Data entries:
= Beginning of Section =
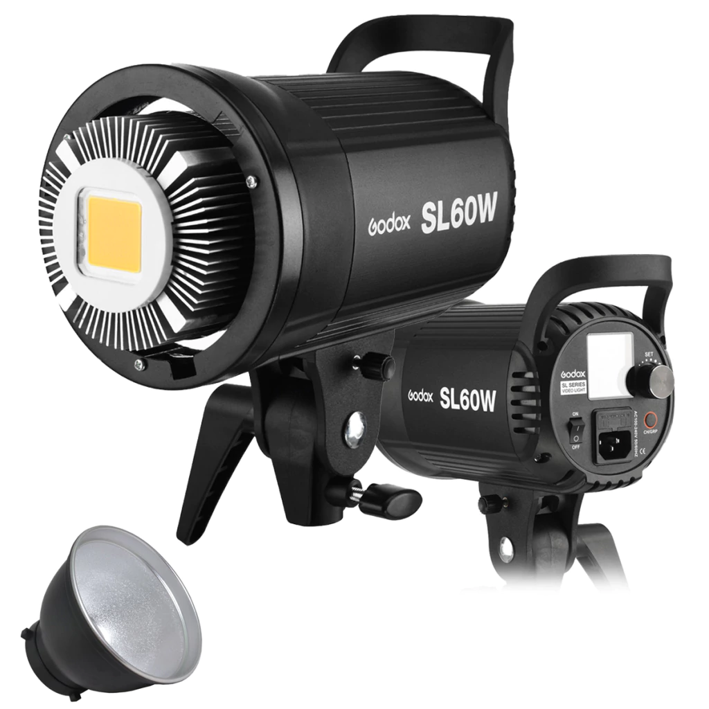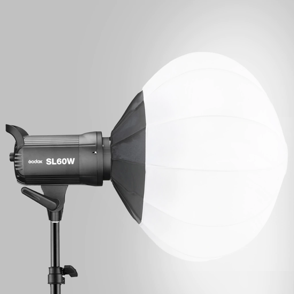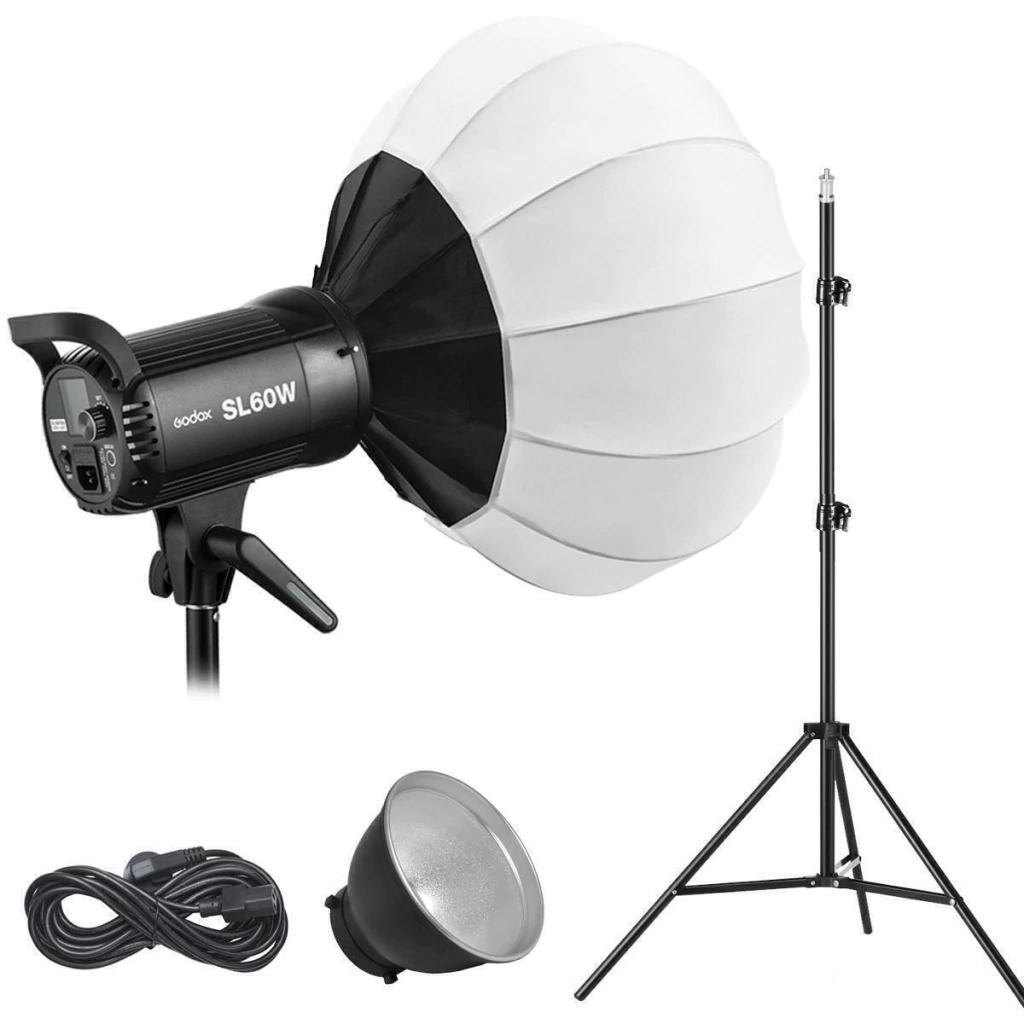 Este kit de iluminação para estúdio compõem um iluminador de Led Godox SL60W, um softbox tipo lanterna japonesa de 65cm de diâmetro e um tripé de iluminação de 3 metros.
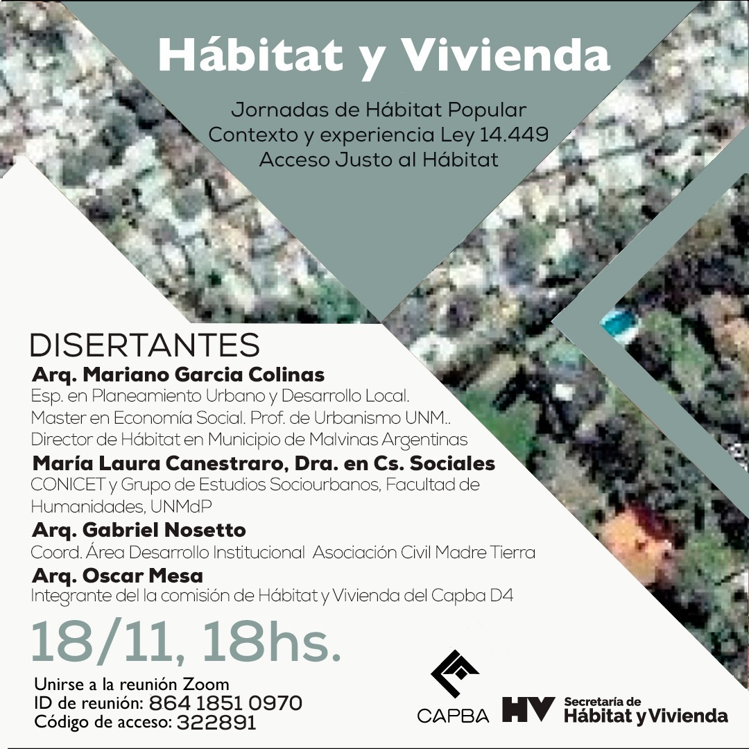 El jueves 18/11 a las 18 hs por plataforma ZOOM, comienza un nuevo ciclo organizado por la Secretaria de Hábitat y Vivienda del CAPBA CS, orientado nuevamente a visibilizar el trabajo de arquitectos y arquitectas en el hábitat popular, en el marco de la Ley 14.449 de Acceso Justo al
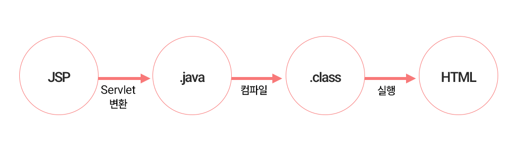 다만 브라우저는 사실 JSP를 직접적으로 읽지 못한다. 이 때문에 .jsp 파일은 WAS에 의해 자동으로 '서블릿(.java)' 파일로 변환되어, 컴파일 및 실행된다.
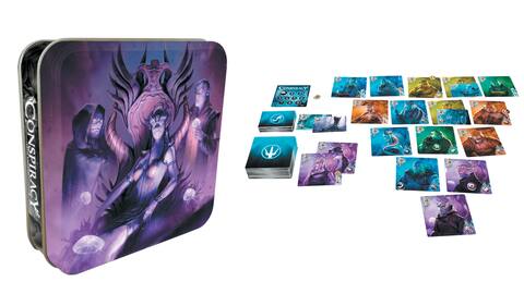 Ce jeu s’arrime à l’univers d’Abyss, un jeu de plateau dont nous vous avons déjà parlé. Encore une fois, les illustrations sont magnifiques, et le jeu se présente dans une jolie petite boîte en métal qui est facile à trimballer partout.
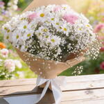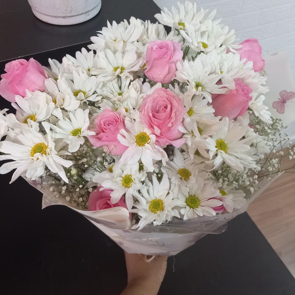 Deleite-se com nosso buquê feito com cuidado e carinho, composto por margaridas e rosas frescas e vibrantes. Combinando 10 destas lindas flores, este buquê exala delicadeza e beleza naturais. Perfeito para ocasiões especiais ou simplesmente para alegrar o dia de alguém.
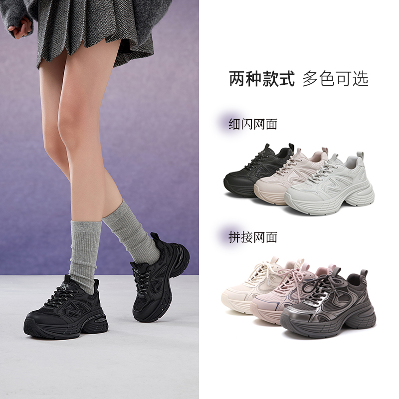 百思图2025春夏新款厚底高跟网面透气老爹鞋女运动休闲鞋A9166AM5
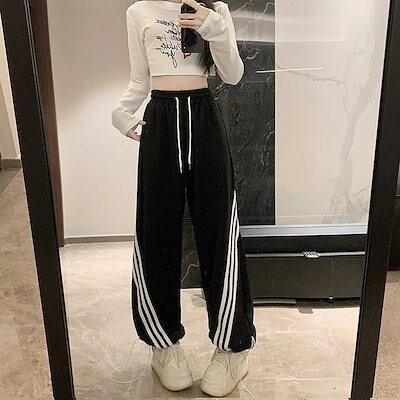 裏起毛 スウェットパンツ レディース ワイドパンツ ハイウエスト 韓国 ズボン 大きいサイズ 春夏秋冬 [ 3 カラー ] 101 ロングパンツ
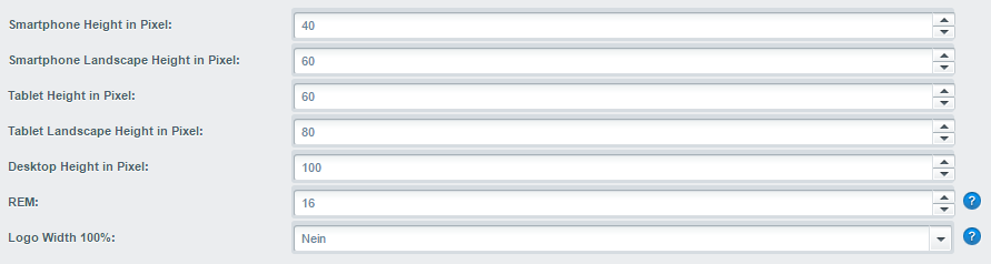 Logo Width 100%: Bei manchen Themes ist es notwendig die Breite des Logos auf 100% zu setzen, damit das Logo in der korrekten Größe angezeigt wird. Versuche es zuerst ohne diese Option.
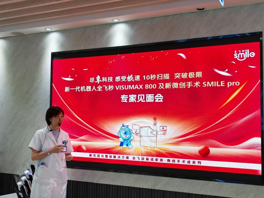 南昌普瑞眼科屈光手术专科主任凌玲博士以“10秒点亮高清视界”为题,用通俗语言拆解技术原理:“传统手术像‘雕刻师’单刀作业,而SMILEpro如同‘机器人+显微镜’的黄金组合,激光臂与显微镜臂实时联动,实现亚毫米级操作精度。”
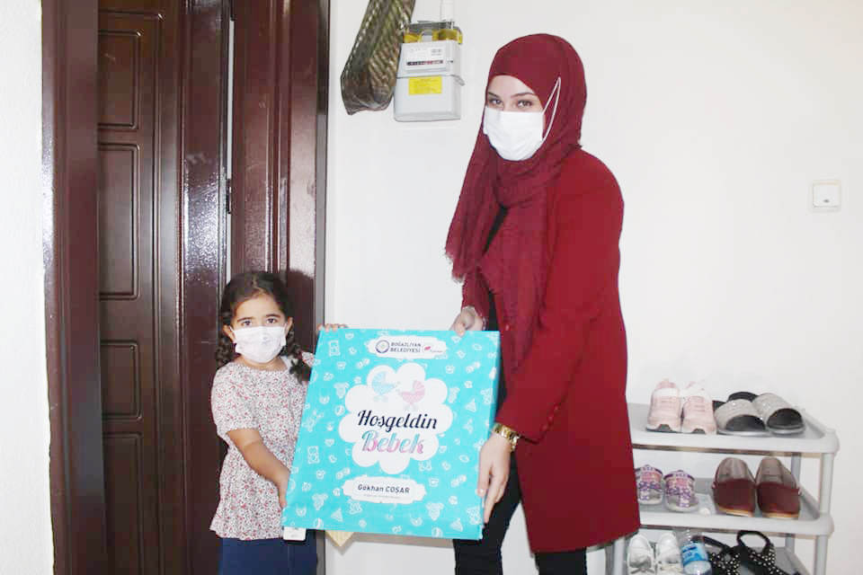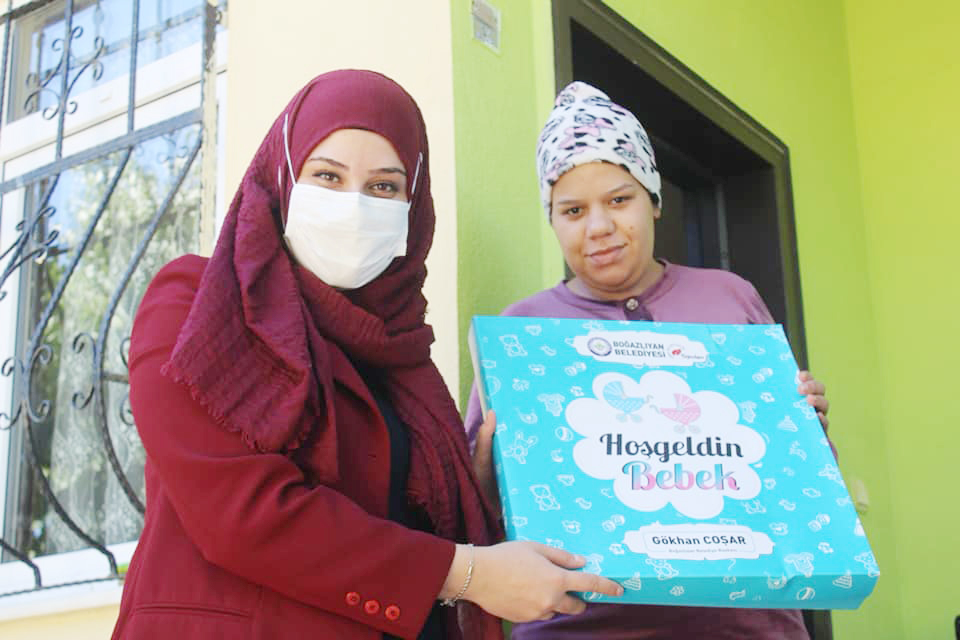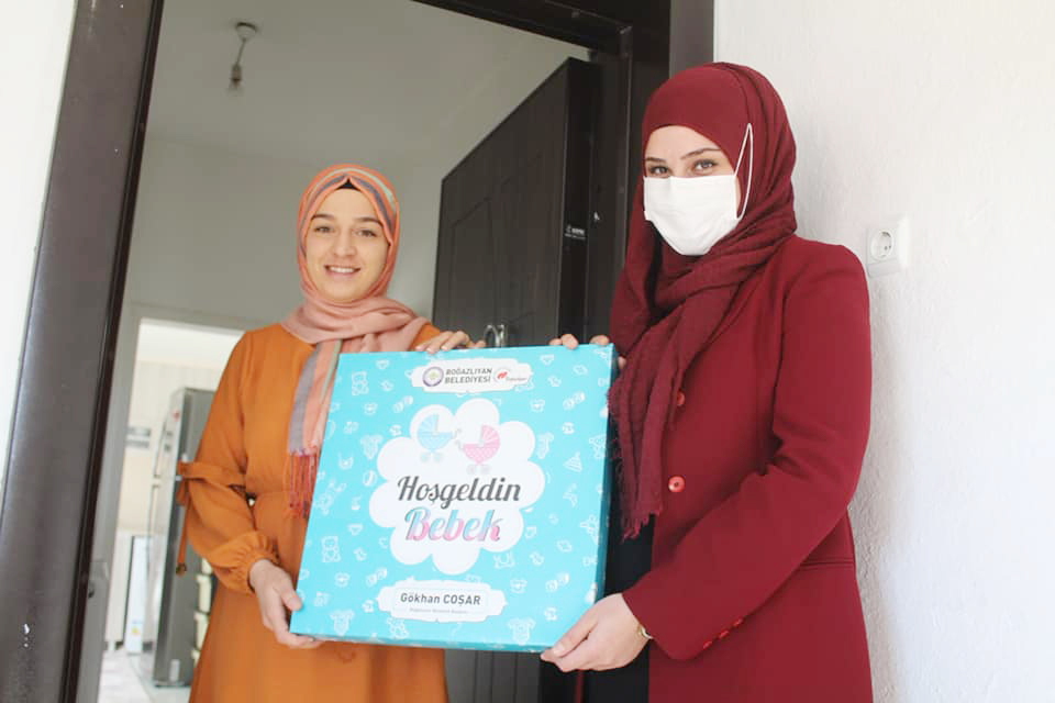 Boğazlıyan Belediyesi ekipleri tarafından başlatılan proje kapsamında “Eldiven, Ağız Mendili, Battaniye, Dış Zıbın, İç Zıbın, Patikli Pantolon, Badi, Atlet, Önlük, Şapka” bebek ürünlerinin yer aldığı hediye paketleri hazırlanarak pandemi kurallarına uygun bir şekilde evlere bire bir ziyaretler geçekleştiriliyor ve ailelere teslim ediliyor.
= End of Section =
WORK TO BE COMPLETED: The lines to retype run from the one containing "南昌普瑞眼科屈光手术专科主任" through the last line of the records above; write them exactly and skip the pictures.

SOLUTION TO THE PROBLEM:
 南昌普瑞眼科屈光手术专科主任凌玲博士以“10秒点亮高清视界”为题,用通俗语言拆解技术原理:“传统手术像‘雕刻师’单刀作业,而SMILEpro如同‘机器人+显微镜’的黄金组合,激光臂与显微镜臂实时联动,实现亚毫米级操作精度。”
 Boğazlıyan Belediyesi ekipleri tarafından başlatılan proje kapsamında “Eldiven, Ağız Mendili, Battaniye, Dış Zıbın, İç Zıbın, Patikli Pantolon, Badi, Atlet, Önlük, Şapka” bebek ürünlerinin yer aldığı hediye paketleri hazırlanarak pandemi kurallarına uygun bir şekilde evlere bire bir ziyaretler geçekleştiriliyor ve ailelere teslim ediliyor.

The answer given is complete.